How Taoist philosophers inspired the quest to outer space. | Matter of Form

Category: Views
09 Jan 2015
Read time: 1 MIN
The belief that interaction between opposing entities would form a force greater than the sum of it’s parts led to gunpowder, the invention of the firework and spaceflight.
Written By
MOF Team
MOF Team

The Taoist Yin and Yang philosophy is famous for its concept that seemingly contrary forces are interconnected. 11th century Taoist monks, in search of The Elixir of Life (the key to immortality), conducted experiments to determine the yin and yang properties of various substances. They found that an interaction between saltpeter and sulfur (and charcoal dust) provoked an explosion.

"The resulting black powder was initially stuffed into bamboo shoots to create makeshift fireworks"

The resulting black powder was initially stuffed into bamboo shoots to create makeshift fireworks (called ‘ground-rats’), initially for the purposes of entertainment at ceremonious rituals.

Soon they began inserting lit arrows into the tubes, powering makeshift weapons with the escaping gas. After this, the use of rocket weapons spread relatively quickly.

However, only in the 16th Century did a Chinese inventor by the name of Wan Hu attempt to use rockets as a form of propulsion for flight. It is said that Wan built a splendid chair, clad himself in his finest attire, and instructed forty seven servants to light the forty seven rockets he had attached to it.

Wan built a splendid chair, clad himself in his finest attire, and instructed forty seven servants to light the forty seven rockets he had attached to it.

Things did not go particularly well: following a dramatic explosion, Mr Hu and his chair were nowhere to be found. Despite speculation at the time that he might in fact have successfully travelled to a higher world, it seems more likely the unfortunate man was blown to oblivion.

Hundreds of years later, a crater on the far side of the moon was given his namesake, in appreciation of his valiant but primitive attempt at spaceflight.

By 1903, a Russian schoolteacher by the name of Konstantin Tsiolkovsky proposed a more pragmatic approach to space travel.
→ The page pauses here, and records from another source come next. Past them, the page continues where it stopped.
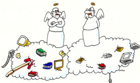
CLOUD COMPUTING "I'd prefer it if they stored their stuff someplace else!"

It is quickly becoming unnecessary for some businesses to purchase and maintain an on-site server. Now companies can host one or more of their applications, data, e-mail, and other functions "in the cloud." That simply means it's stored off-site in a highly secure, high-availability "utility" company that has far more power and resources than you could ever logically have on-site as a small business. With devices getting cheaper and Internet connectivity exploding, cloud computing is suddenly a very smart, viable option for small business owners.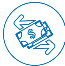
FLEXIBLE PAYMENT METHODS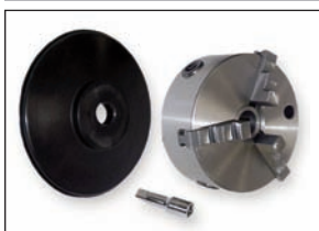
Balancer Chuck 40mm 8113330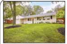
Springfield Crestwood $589,000

Jim Fox 703.503.1800 jim.fox@LNF.com Washingtonian Magazine's "Top Team" 2015 NVAR Lifetime Top Producer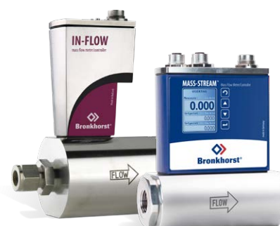
Industrial (IP65) Thermal Mass Flow Meters for Gases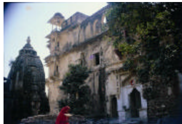
A woman walks into her mansion like home in the Old city of Amber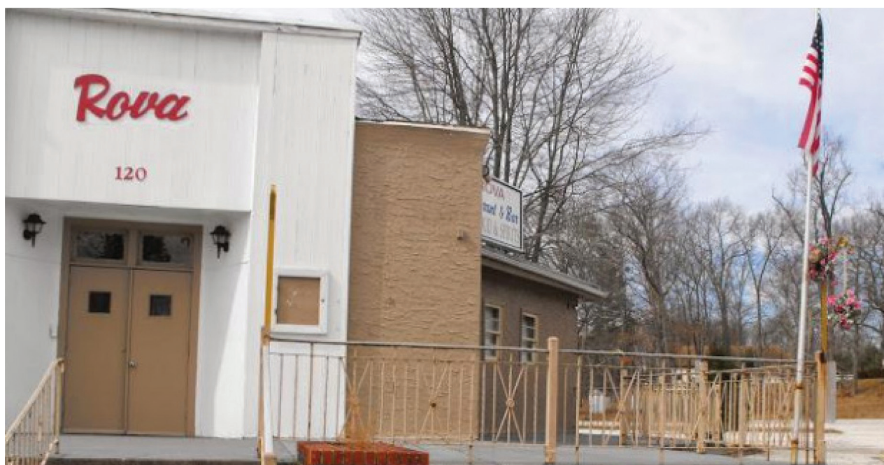
Rova Farms in Jackson, New Jersey

In the early 1930's, the Russian-American financial and social service organization, known at one time to its members by its acronym in the Russian language, ROOVA — Русское Объединенное Общество Взаимопомощи в Америке, otherwise known as ROOVA — the Russian Consolidated Mutual Aid Society of America (RCMASA), purchased some 1400 acres of prime Jersey Pinelands, and undertook a large-scale social experiment, establishing ROVA Farms Resort, Inc., in Cassville, Jackson Township, New Jersey, as a Russian-American cultural and social center, and giving Russian immigrants the opportunity to cultivate the land, grow vegetables, and raise livestock.. Within a few years, several religious, cultural, and philanthropic institutions had been founded: St Vladimir's Memorial Church to commemorate the 950th anniversary of the Baptism of Rus'; St Vladimir's Orthodox Cemetery; St Mary's Russian Orthodox Church; the A. S. Pushkin Memorial Home for Aged Russian People; and the Pushkin Memorial Park. The Leo Tolstoy Memorial Library devoted to the history and archives of Russian immigration in America and a Summer Camp for Children were also established, but have not survived to the present day. □

His well substantiated report was published in 1903, and subsequently an American physicist, Robert Goddard, brought his research to life through a series of experiments with rockets that first used gunpowder, and later liquid fuel compound.

On March 16th, 1926, Goddard successfully launched a rocket fuelled by liquid oxygen and gasoline. It ascended 12.5 meters, flew for two and a half seconds, and crashed into a cabbage patch 56 meters away.

Goddard, who paved the way for manned rocket propelled space travel, in part owed his success to the discovery of a simple interaction between two opposing substances, as first discovered by Taoist philosophers some 900 years before.